Indian talk show host

Rose Venkatesan is the first Indian talk show host based in Chennai, Tamil Nadu. She is a trans woman, and has been active in many fields like television and radio.

==Early life and education==
Rose Venkatesan became aware of her gender identity when she was around five years old and felt uncomfortable with being forced to behave as a boy. She started dressing as a woman when she was in her early twenties.

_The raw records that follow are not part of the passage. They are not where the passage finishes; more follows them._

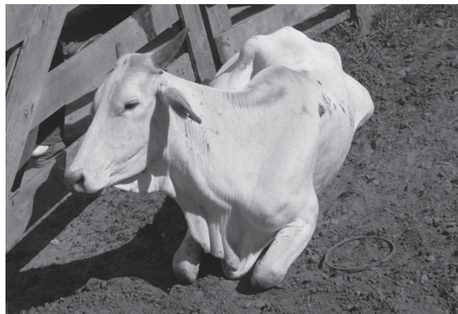
Fig.4. Bovino em decúbito esternal com a veia jugular ingurgitada, intoxicado pela ingestão de Amorimia exotropica no Estado do Rio Grande do Sul.

Na Propriedade C, localizada em Dois Irmãos/RS, havia um rebanho de 20 bovinos em um piquete de campo nativo com área de 1,5 hectares e pouca disponibilidade de pasto. Em junho de 2006, os bovinos ganharam acesso a um piquete novo, no qual havia uma capoeira, onde se observaram exemplares de A. exotropica com sinais de terem sido consumidos. Um mês após a entrada dos animais nesse novo piquete, dois "bois de canga" adultos morreram de forma súbita durante o trabalho. Trinta dias após, outro bovino (fêmea mestiça, sete anos, bovino 4)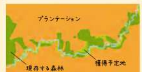
プランテーション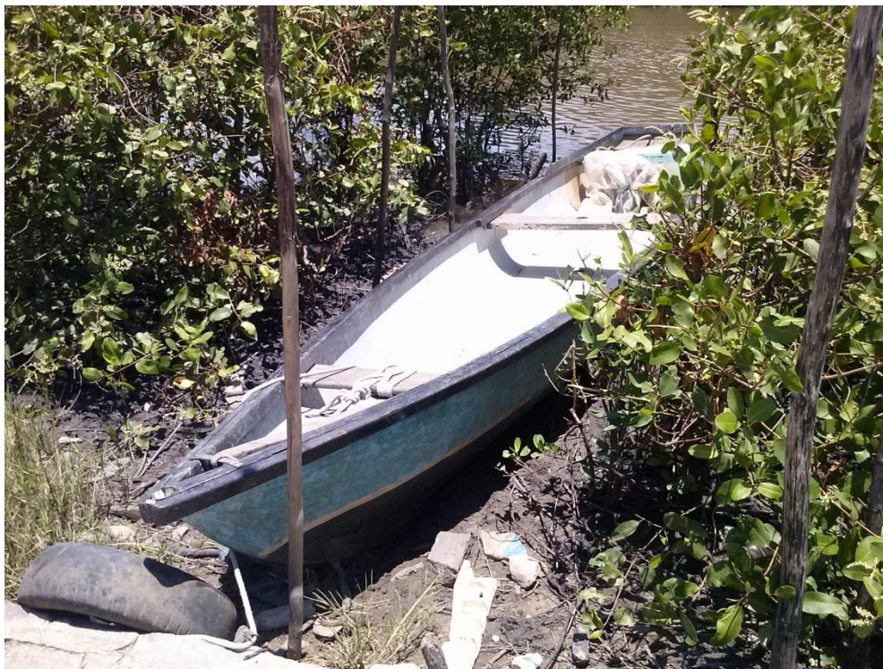
Figura 16-Embarcação utilizada para ida ao manguezal e a coroa, jan. 2015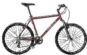
Das Wichtigste: Mountainbike von Pakka, 399 Euro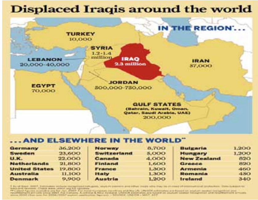
Resim-1: 2007 Sonunda Ortadoğu'da Yerinden Edilmiş Iraklıların Sayısına Dair Bir Tahmin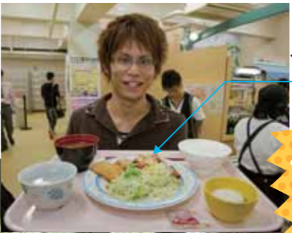
◀バランスランチ 「ハンバーグたっぷり野菜のせ」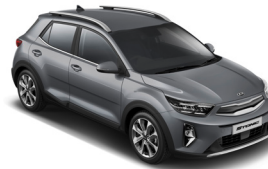
Perennial Grey (PRG) Metál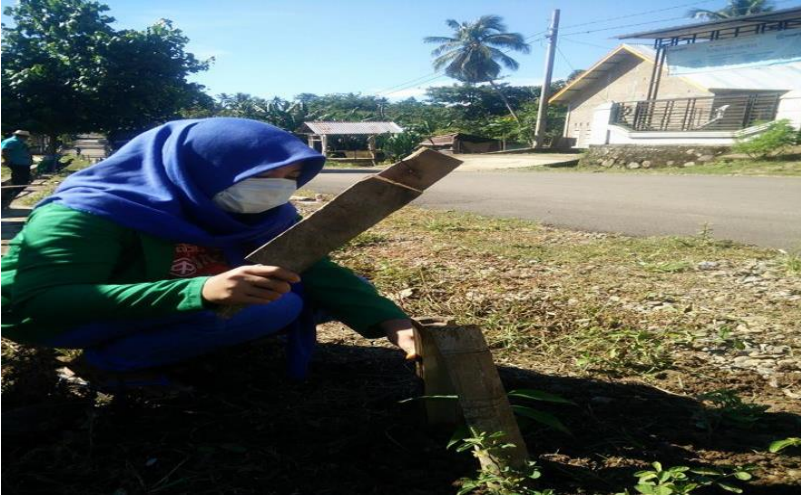
Penanaman pohon di sepanjang jalan dusun Erasa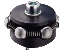
Bille de serrage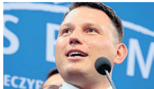
Sławomir Mentzen opublikował w serwisie X bezkompromisowy i niezwykle ostry wpis, uderzający w podstawowe założenia rządowego dokumentu

Podczas konferencji prasowej w Sejmie politycy Konfederacji – poseł Michał Wawer i rzecznik partii Wojciech Machulski – wezwali wszystkie ugrupowania do odwołania ze stanowiska Marty Cienkowskiej i zapowiedzieli rozpoczęcie zbiórki podpisów pod wnioskiem o wotum nieufności wobec minister kultury.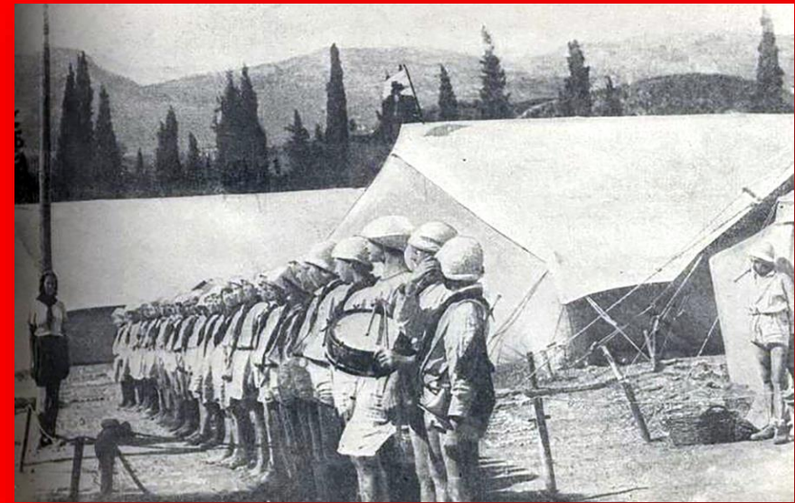
Пионерская линейка в «Артеке». 1925 г.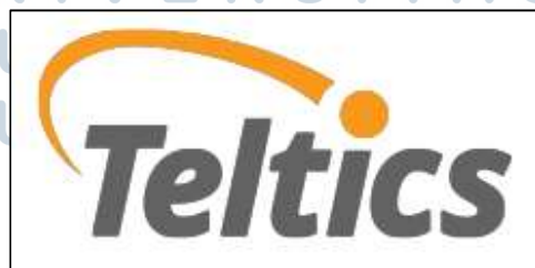
Gambar 2.1 Logo PT Teltics Media

PT Teltics Media merupakan perusahaan yang didirikan pada Februari 2005 oleh tiga pendiri berpengalaman di bidang Information Technology (IT) dan software development . Didorong dengan berkembangnya kebutuhan masyarakat akan mobile service , website development , dan business solution , PT Teltics Media menawarkan jasa IT solutions bagi pelaku bisnis yang membutuhkan sistem terkomputerisasi untuk menunjang kebutuhan bisnis perusahaan. Sadar akan perubahan yang sangat cepat di bidang IT, PT Teltics Media berusaha untuk terus belajar agar dapat mengikuti perkembangan zaman dan memenuhi kebutuhan para pelanggan yang telah memilih PT Teltics Media sebagai partner bisnis. PT Teltics Media berfokus pada pengembangan software atau aplikasi berbasis mobile (Android dan iOS), serta menawarkan jasa IT solutions menggunakan Grails, Java (JEE dan JME), Symbian, PHP (berbagai framework seperti Laravel, Yii, CodeIgniter), Python, eGroupware dan OpenERP. Gambar 2.1 merupakan logo dari PT Teltics Media.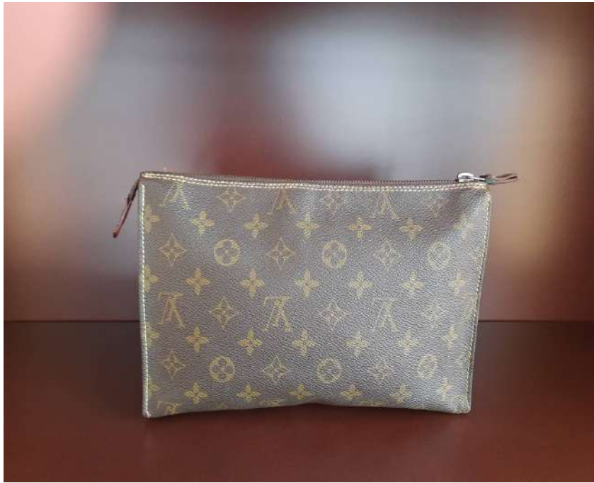
LOTTO 104 LOUIS VUITTON BASE D'ASTA 100,00 TROUSSE TOILETTE MONOGRAM VINTAGE PARIS ANNI 90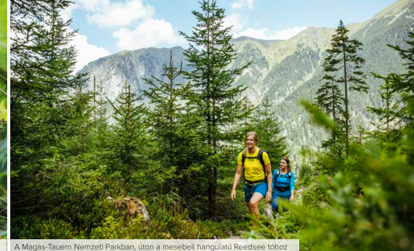
A Magas-Tauern Nemzeti Parkban, úton a mesebeli hangulatú Reedsee tóhoz

“Amikor az erdőn jársz, és rábukkansz valahol egy forrásra, ülj le melléje csöndesen és figyelj. Nagyon csöndes légy, és akkor hallani fogod a zöld ruhás tündérke hangját a surranó vízből. Ha pedig jó füled van, és érted az erdő nyelvét, akkor meghallhatod azokat a csodaszép meséket, amiket a forrás, a csermely, a patak tündére elmond ilyenkor a fáknak.” (Wass Albert)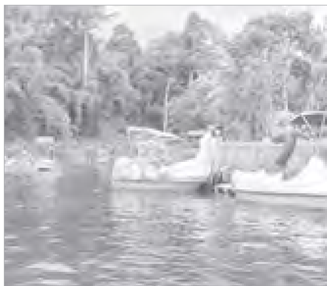
Water van de Berg Dam

Bagi mereka yang hobi memancing tersedia kolam-kolam pemancingan di sekitar hotel, dan bagi putra-putri Anda tersedia tempat rekreasi dan hiburan air, kolam bola, perahu karet, cy-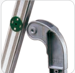
Scharniere aus Gussaluminium mit Nylonüberzug um Abrieb an den Metallteilen zu verhindern.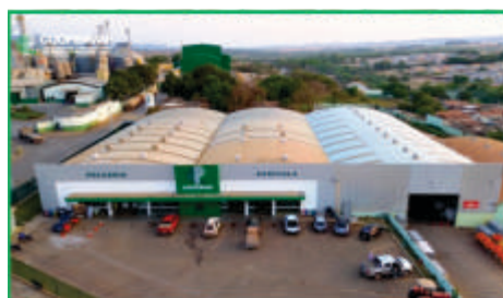
Sob a gestão atual, a Coopervap alcança novos horizontes e se destacando pela execução de ações e obras que impactam diretamente a vida dos seus associados e da comunidade em geral.

Para atender à crescente demanda, a Coopervap modernizou seu parque industrial, incluindo a instalação de uma nova fábrica de ração que triplicará a capacidade produtiva com menor consumo de energia. Na unidade Entre Ribeiros, a expansão dos silos de grãos e a instalação de uma balança de alta tecnologia proporcionam mais controle e eficiência. Além disso, o hipermercado Coopervap mantém o único açougue na cidade com certificação de inspeção sanitária, reafirmando as boas práticas de qualidade e higiene que são padrão na cooperativa.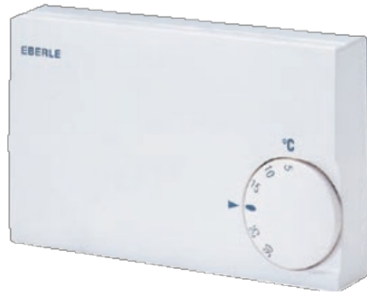
KLR-E 525 55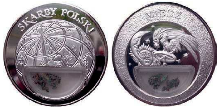
Rys. 1. Medal Miedź z serii Skarby Polski

W naturze czysta miedź jako miedź rodzima jest minerałem spotykanym rzadko, stanowiąc ok. 1% jej związków. Około 90% miedzi wchodzi w skład rud siarczkowych, a pozostałe 9% w skład tlenków metali. Większość miedzi pozyskiwana jest z minerałów kruszcowych, takich jak: chalkozyn, bornit, chalkopiryt, digenit, kowelin, kupryt, malachit, djurleit, anilit, idait [4]. Jeden z medali z serii Skarby Polski został poświęcony miedzi (rys. 1). Na awersie przedstawiono kulę ziemską z zaznaczonymi konturami Polski, na rewersie: słońce, księżyc, gwiazdy i wiatrowskaz. W dolnej części pojemnik z okruchami miedzi. Medal o średnicy 50 mm jest platerowany srebrem.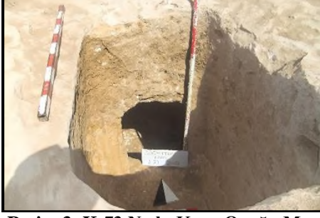
Resim 3: K-73 No.lu Kaya Oyuğu Mezarın Girişi

She finished her high school in the year 1996 from Sri Ramakrishna Mission Higher Secondary School (South), Chennai. She studied mechanical engineering at Sathyabama Engineering College (currently Sathyabama University), Chennai between 1997 and 2001. She travelled to the United States to study Biomedical Engineering at Louisiana Tech University between 2001 and worked as a website designer before returning home to Chennai in 2003.

==Personal life==
It took Rose Venkatesan years to tell her family how she felt, but when she did, they were devastated. When she decided to transition in 2004, her family used violent means to prevent her and even looked at marriage as a possible solution. She was hit by her brother and was locked up in a room. She even attempted to commit suicide. She was thrown out of her house and she worked for a while in a call centre. She currently lives with her family, who only conditionally accept her. Her mother has broken off all ties and has moved out of their house.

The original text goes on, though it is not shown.